I am really new to Data Science/ML and have been working on Tensorflow to implement Linear Regression on California Housing Prices from Kaggle.

I tried to train a mode in two different ways:

1. Using a Sequential model
2. Custom implementation

In both cases, the loss of the model was really high and I have not been able to understand what are the ways to improve it.

• Dataset prep

df = pd.read_csv('california-housing-prices.zip')

df = df[['total_rooms', 'total_bedrooms', 'median_house_value', 'housing_median_age', 'median_income']]

print('Shape of dataset before removing NAs and duplicates {}'.format(df.shape))
df.dropna(inplace=True)
df.drop_duplicates(inplace=True)
input_train, input_test, target_train, target_test = train_test_split(df['total_rooms'].values, df['median_house_value'].values, test_size=0.2)
scaler = MinMaxScaler()
input_train = input_train.reshape(-1,1)
input_test = input_test.reshape(-1,1)
input_train = scaler.fit_transform(input_train)
input_test = scaler.fit_transform(input_test)
target_train = target_train.reshape(-1,1)
target_train = scaler.fit_transform(target_train)
target_test = target_test.reshape(-1,1)
target_test = scaler.fit_transform(target_test)
print('Number of training input elements {}'.format(input_train.shape))
print('Number of training target elements {}'.format(target_train.shape))
​

• Using Sequential API:

BATCH_SIZE = 10
BUFFER = 5000

dataset = tf.data.Dataset.from_tensor_slices((input_train, target_train))

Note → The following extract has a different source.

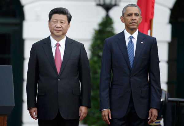 US President Barack Obama (R) stands with Chinese President Xi Jinping as he welcomes him at the White House for an official State Visit in Washington September 25, 2015.[Photo/Agencies]

dataset = dataset.shuffle(BUFFER).batch(BATCH_SIZE)

DENSE_UNITS = 64
model = tf.keras.Sequential([
  tf.keras.Input(shape=(1,)),
  tf.keras.layers.Dense(DENSE_UNITS, activation='relu'),
  tf.keras.layers.Dense(DENSE_UNITS, activation='relu'),
  tf.keras.layers.Dense(1)
])

EPOCH = 5000

early_stopping = tf.keras.callbacks.EarlyStopping(monitor='loss', patience=5)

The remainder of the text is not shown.